HTTP/3 = HTTP-over-QUIC.

QUIC ( Quick UDP Internet Connections) is a new transport which reduces latency compared to that of TCP.
It uses fewer handshakes, improves forward error correction and congestion control, and avoids HoL blocking.

At old times, the Internet sucks, and so TCP protocol set a large timeout and window.
Everything has changed except the timeout is still 20 seconds nowadays.
If you kill a TCP socket that hangs for 5 seconds, your OS will still leave it open until the 20 seconds expired, consuming system resources.

Microservices are for humans, not machines

medium.com

This post explores the organizational and cultural benefits of moving to a microservices architecture.

The advantage is the ability to scale each microservice in isolation, based on its specific load requirements.
The disadvantage is distributed systems are hard.

From an organizational perspective, it leads to smaller (and more maintainable) code repos, clearer boundaries between teams, etc.

One of the goals of microservices architecture is to let development teams achieve better results.

The author thinks starting from monolithic and moving to microservices when it makes sense.

Does the Service Mesh spell the end for Middleware?

www.cloudops.com

The short answer is NOT until a framework of DevOps toolings and practices is put in place.

Middleware works by flying messages from various applications into centralized pools of communication. These messages are then carried through a pipeline of functions, ending with the user registry service. Messages are transported on enterprise service buses (ESBs).
Messages are transported within the service mesh, but the messaging functions are performed alongside the services receiving the messages. Each instance is attached to a proxy that relays messages to and fro the service mesh.

Service Mesh is getting more mature, while middleware can be ideal for transporting information between monolithic applications. Migrating from Middleware to Service Mesh might need to uproot the ways their application and infrastructure.

Visualizing Systems with Statemaps

Slide

Some interesting points:

System goes wrong in silent and unseeable.
We amplify the signals via latencies, etc.
Observation on a system is necessary.
Aggregation on the instrumenting data is essential for scaling.
There is not one way to visualize the data for the system, but many. And visualization is an essential facet of system observability.
Statemap: a visualization of entity state over time. It operates on a payload of JSON where each line corresponds to a state transition for an entity. For example:

  {time: 1545005553, entity: 1, state: 0}
  {time: 1545005554, entity: 1, state: 1}

States are described in JSON metadata header. For example:

  {
    title: "",
    states: {
        state1: {value: 0, color: #fff},
        state1: {value: 0, color: #fff},
    }
  }

Airbnb SOA Migration

Presentation and Transcript

Because of the tangling modules, the growth of the business, and the increasing number of incidents, they decided to migrate to SOA.
Why SOA? SOA is a network of loosely-coupled services. It's well proofed in many organizations.
Two design principles:
- Services should own both reads and writes to their own data.
- Data mutations should publish via standard events.
Getting started:
- Customize an ActiveRecord adaptor.
- Re-route queries to services.
- Organize services into data services, middle-tier services, etc, and design their calling directions.
- Incremental migration.
- Let the framework auto-generate code, do standard testing and deployment that replay production traffic via the utility Diffy.
- Write Thrift IDL for the stability of the interfaces of the services.
Thoughts:
- SOA is a high investment cost.
- Service orchestration becomes complex.
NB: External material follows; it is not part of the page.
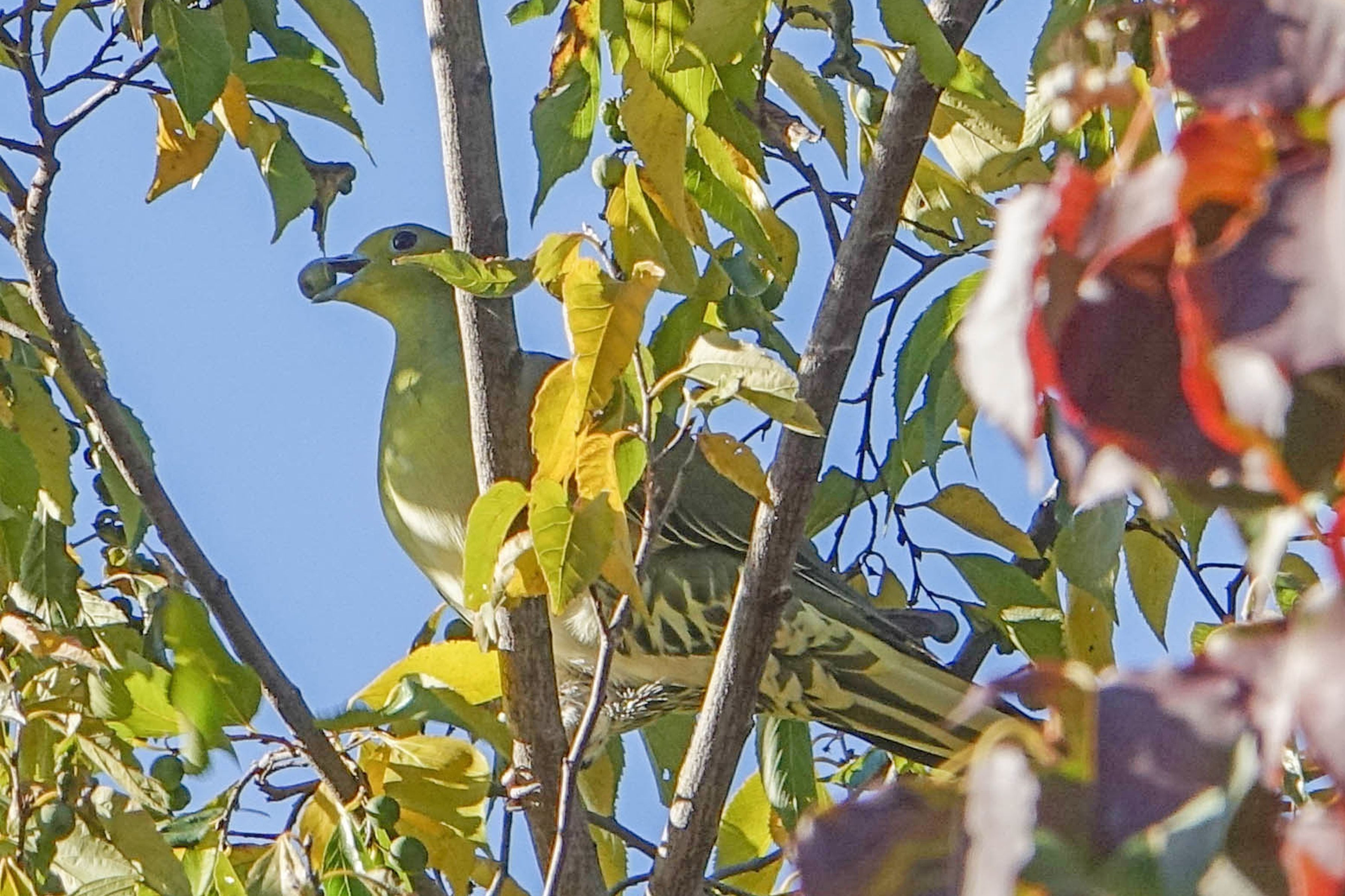アオバト♀。この時期は椋の実を食べています。
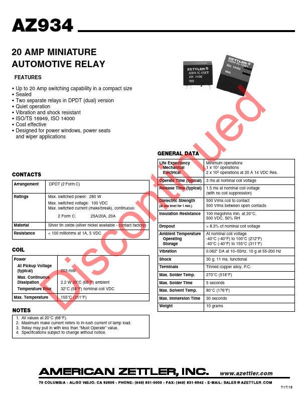 AZ934 20 AMP MINIATURE AUTOMOTIVE RELAY.

Kubernetes comes in for scaling services.
- It's a long commitment and journey. Ensure you don't break functionality on the way by comparing slowly, carefully, and piecemeal.

Evolution of Application Data Caching: From RAM to SSD

The Netflix Tech Blog

Context:
- Move the data swiftly and securely across all regions came at a considerable increase in cost and complexities.
Goal:
- Provide a global caching solution which was not only fast but was also cost-effective.
Solution:
- SSDs for Caching. The cost to store 1 TB of data on SSD is much lower than storing the same amount in RAM.
- Store all the data on SSD (RocksDB) and the active/hot data in RAM (Memcached). The problem is the poor performance for the large cluster when overwriting existing data on RocksDB (for compactions).
- Memcached External Storage (extstore): All the metadata (key & other metadata) is stored in RAM whereas the actual data is stored on flash.
- Move some of the large RAM based memcached clusters to considerably smaller extstore clusters.
Conclusions:
- All production clusters are running extstore.

Implementing the Netflix Media Database

The Netflix Tech Blog

Overview:
- This post discusses the key traits of NMDB and how the design aims to address them.
System requirements:
- Support for Structured Data
- Multi-tenancy and Access Control
- Integration with the legacy system
- SLA Guarantees
- Flexibility of Queries

Loki

GitHub Project |
The design document.

Context:
- Extra context switch is needed for engineering between the metric (time series) dashboard and the logs.
How it solves the problem:
- Install the agent promtail to each server or pod, gathering logs and sending them to loki.
- The central server loki indexes the metadata of log streams and store them.
- Grafana as the dashboard for querying logs to loki in prometheus-like queries, for example, {app="mysql",name="mysql-backup"}.
The challenges:
- Obtain reliable metadata that is consistent with the metadata associated with the time series / metrics.
- Solution: Use same service discovery and label relabeling libraries as Prometheus.
- Choose the chunk size. Is it going to be 4kb/s, or 8kb/s, or more?
- Solution: It depends on operation cost vs storage costs, chunk index load, Cost of memory for building chunks v/s risk of loss, Compression effectiveness.
- Chunks are many orders of magnitude larger than Prometheus/Cortex chunks
- Solution: Support streaming and iterating over them.

Docker App

Introduction |
GitHub Project

Context:
- You have several environments where you want to deploy the application, with small configuration differences.
- You have lots of similar applications.
- Compose files are not easy to share.
Solution:
- Make your Docker Compose applications reusable, and share them on Docker Hub
Usage:

  # create a `docker-compose.yaml` and `hello.dockerapp`
  $ docker-app init --single-file hello

  # generate final docker-compose.yaml
  $ docker-app render | docker-compose -f - up

  # share the .dockerapp
  $ docker-app push --namespace ${myNamespace} --tag latest

Read the source code:

Loader

metadata, compose, settings = readFile(filePath).Split("---")
return NewApp([metadata, compose, settings], options)

Render:

# pseudo code
composeConfigFiles = Load(app.MetadataRaw(), settings.WithPrefix("app"))
    .FromFlatten(env)
    .Merge(app.Settings(), metaPrefixed, envSettings)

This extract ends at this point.